Problem details -> Nothing but the lines from the start of the entries below through the line containing "Our new waterfront" should appear in the answer, copied exactly and free of pictures.

Listed records ->
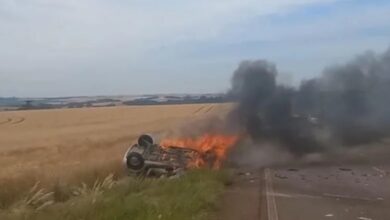 Um grave acidente na madrugada desta quarta-feira (12) na BR-376, em Guaratuba, litoral do Paraná, resultou na morte de uma pessoa e deixou ao menos 14 feridos, incluindo duas crianças. O engavetamento, que envolveu dois caminhões e uma van familiar com 16 ocupantes, ocorreu por volta das 5h em um trecho de obras. A van, que levava passageiros de Prudentópolis (PR) para o parque Beto Carrero, em Santa Catarina, foi atingida por um caminhão que, segundo os bombeiros, perdeu o freio. O impacto projetou o veículo contra a mureta e provocou um incêndio que destruiu parte dos veículos. O motorista de um dos caminhões morreu preso às ferragens.
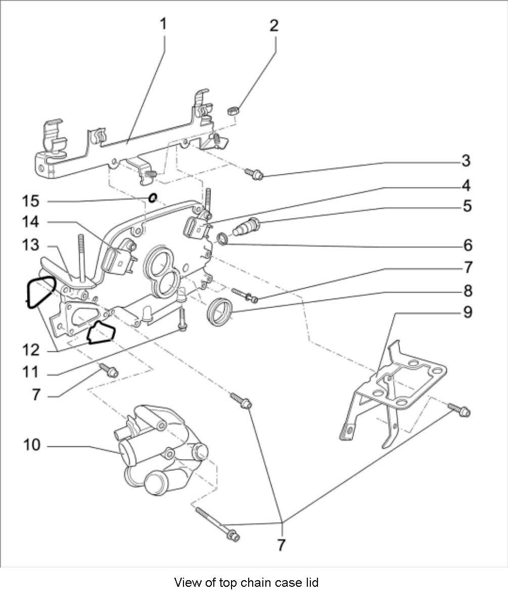 Note: Check sealing rings on top chain case lid and replace if necessary.
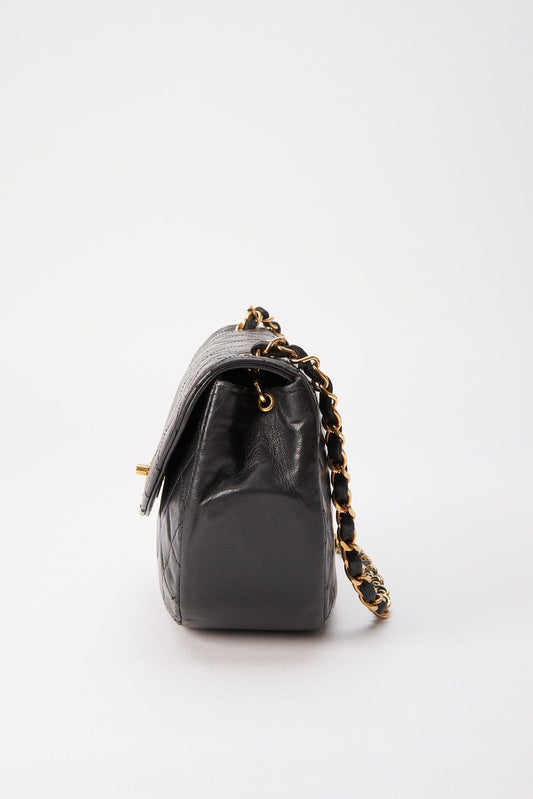 Vintage Chanel Classic Double Valm Sac Medium Black Patent Cuir avec quincaillerie plaqué or 24K
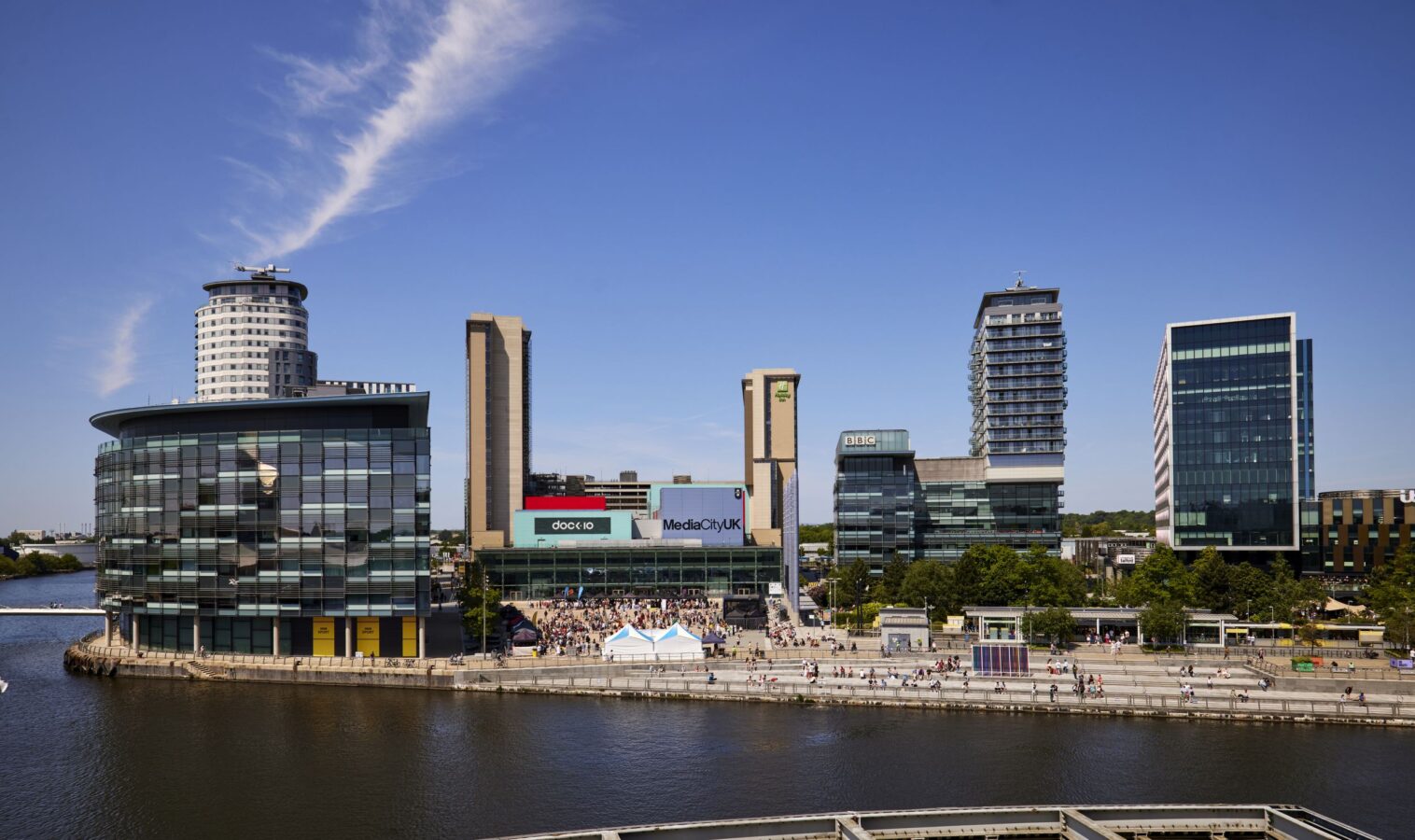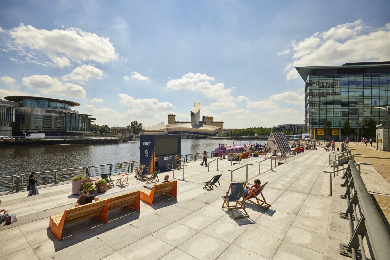 Our new waterfront hang-out space with its beautiful planters, colourful seating and deckchairs overlooking dock 10 is more like Sorrento than Salford.
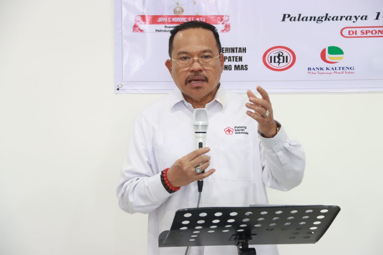 Nampak hadir Wakil Bupati Gunung Mas Efrensia L. P Umbing yang juga selaku Ketua PMI Kabupaten Gunung Mas, Staf Ahli Gubernur Kalteng Bidang KSDM Suhaemi, Kepala Perangkat Daerah Kabupaten Gunung Mas terkait, Pimpinan Divisi Corporate Secretary PT. Bank Kalteng Rahmawati, Pimpinan Cabang Bank Kalteng Kuala Kurun/mewakili, dan Ketua GAPKI Cabang Kalteng/mewakili. (Rkh/Foto:Asep)
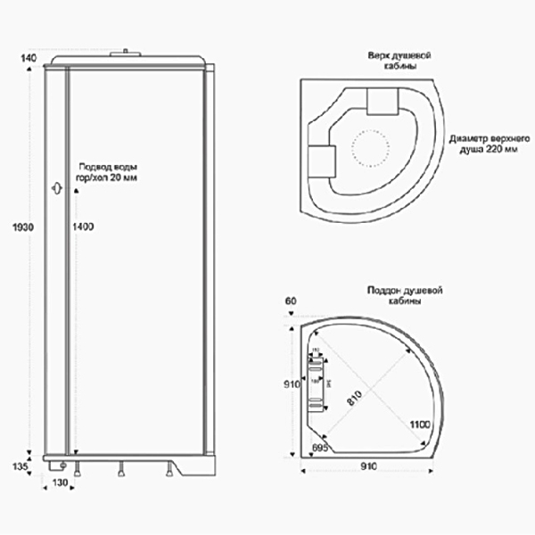С подсветкой, ручной душ, верхний душ, радио |
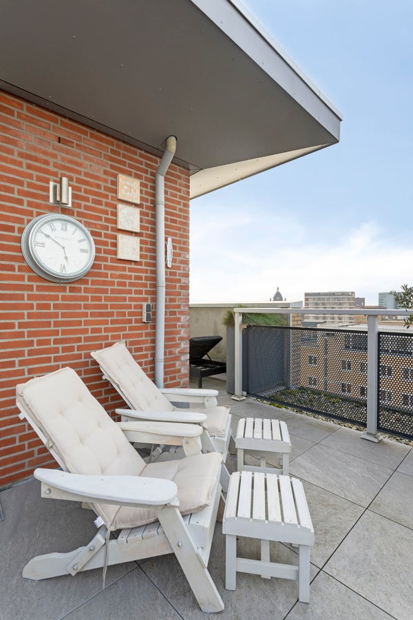 - Het penthouse heeft een woonoppervlakte van 87 m² en beschikt over 5 kamers, waarvan 2 slaapkamers;
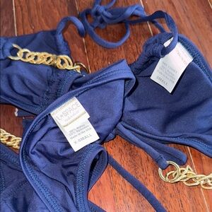 Small top and XS bottom. Stylish navy blue bikini featuring elegant gold chain accents. Perfect for a chic beach look.

Reply ->
 Um grave acidente na madrugada desta quarta-feira (12) na BR-376, em Guaratuba, litoral do Paraná, resultou na morte de uma pessoa e deixou ao menos 14 feridos, incluindo duas crianças. O engavetamento, que envolveu dois caminhões e uma van familiar com 16 ocupantes, ocorreu por volta das 5h em um trecho de obras. A van, que levava passageiros de Prudentópolis (PR) para o parque Beto Carrero, em Santa Catarina, foi atingida por um caminhão que, segundo os bombeiros, perdeu o freio. O impacto projetou o veículo contra a mureta e provocou um incêndio que destruiu parte dos veículos. O motorista de um dos caminhões morreu preso às ferragens.
 Note: Check sealing rings on top chain case lid and replace if necessary.
 Vintage Chanel Classic Double Valm Sac Medium Black Patent Cuir avec quincaillerie plaqué or 24K
 Our new waterfront hang-out space with its beautiful planters, colourful seating and deckchairs overlooking dock 10 is more like Sorrento than Salford.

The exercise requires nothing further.